I once read an amazing description of dissociation, and it goes something like this:
Imagine you are driving a car, this is you, fully in control of the situation, in your normal state. Now imagine you are the passenger. You are still quite close, and can even potentially grab the wheel should something happen. And now you are in the back seat. All you can do is watch what happens, but the chances of you intervening are minimal. Then, you have a sack on your head. Suddenly, you do not see what is happening, yet you still hear the sounds around you. Ultimately, even your sense of hearing is blocked. You are no longer present. And the car keeps on driving, with something else on the driver’s seat.
The absolute suffocation of actual reality. That is what happened to me during the time I was under the worst dissociative episode of my life. And the trigger? Not being able to contact the person I needed to contact.

Getting Back
Eventually, the person returned and found me on the floor, sobbing.

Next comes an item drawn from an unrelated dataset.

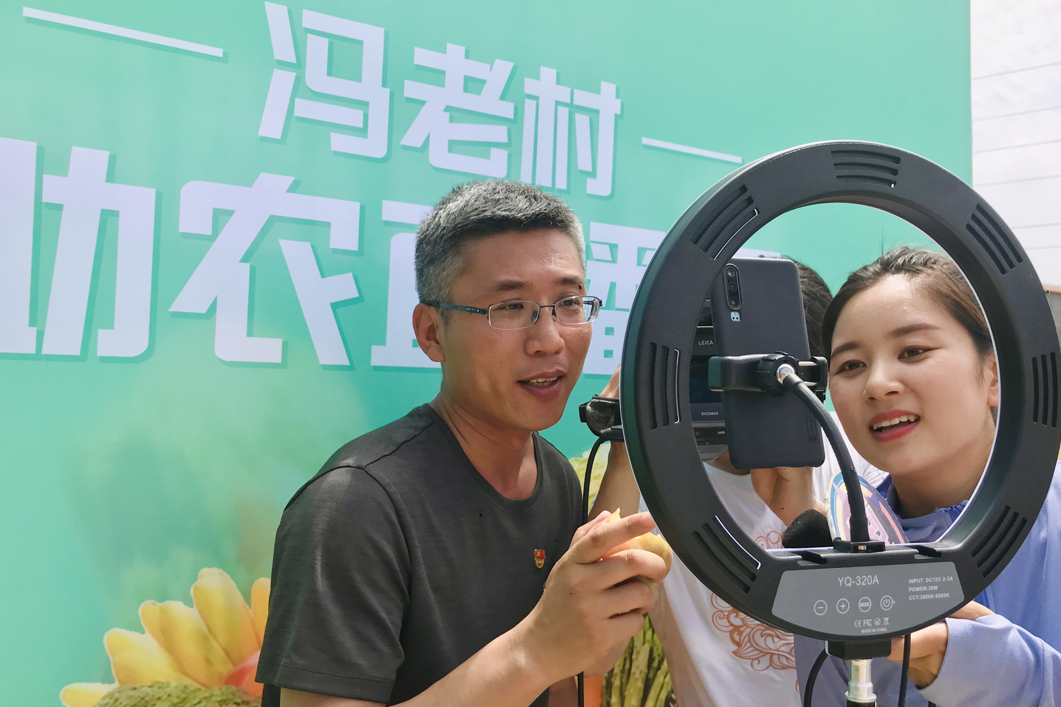 “前两任第一书记已经修了路、盖了房、建了厂,我来了要想办法把产品做成商品卖出去,把老百姓的好收成变成实实在在的好收入!”苏楠想到了时下最火的直播带货,想为冯老村农产品的品牌化推开一扇窗。2020年6月,冯老村联系河南电视台和联想集团助农服务平台——联想“莉”量项目组,由联想集团为冯老村捐赠价值2万多元的电脑、平板、声卡、打光镜和背景板等直播设备,建成了“冯老村助农直播间”。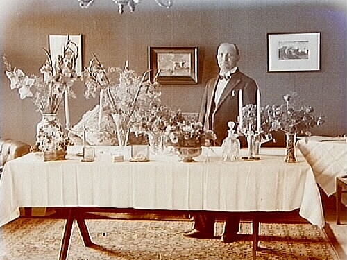 Titel: Rumsinteriör, en man vid bordet, födelsedag. Lokförare A. Persson

What a mess I must’ve been to them. I can only hope finding me in that state didn’t traumatize them. I have a sneaking suspicion I kept calling them, even when they were right next to me. You see, I didn’t see the person. All I recall is hearing a faint voice, and replying to it: “You are not real, you are dead!”

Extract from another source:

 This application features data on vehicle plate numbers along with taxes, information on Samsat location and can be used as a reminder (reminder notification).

Other than the space of terror and death, I have no real memories of the situation. The things in my mind, as I try to remember, are scarce. There is the blanket, my hands around myself, and the dialing tone of the phone. And everything else beyond the faint voices, that I perceived as delusion, was pure Abyss. An impenetrable fog of my own creation.
Evidently, I snapped out of it eventually. I’ve lost even the days and weeks after the incident to the sands of oblivion. The person told me that they had tried to connect, to speak to me. I had been unresponsive, truly believing them to be an apparition rather than a real person. The power of dissociation can be terrifying, especially to those who don’t know it or haven’t seen it.

What to do?
Well, my friend, I am truly sorry. There is not much you can do at that point. If the person is unresponsive, or unreachable, call for help. There is no shame in getting professionals involved in a situation that you can’t deal with. After all, this is a matter of the person’s health and your own. Don’t play games with it, thinking you can solve the clear mental issues your loved one is facing.
Make sure to let the person know that you are there for them if that is what you truly plan to do. If it is not something you feel you can handle, that is alright as well. Tell this to them, as soon as possible. They may retaliate, or feel devastated. But in the end, it is not fair for either one of you to live a lie. Their mental health is not your burden to bear unless you have taken it voluntarily. Or the person happens to be your child.
It can be scary to face a dissociating person. As someone prone to this condition, all I wish is that those around me do their best to understand its reality. You don’t need to go over and beyond, nor do I want you to do so. If you must remove yourself to protect yourself, then do that. But also do the minimum, and call for help. I would do the same for you.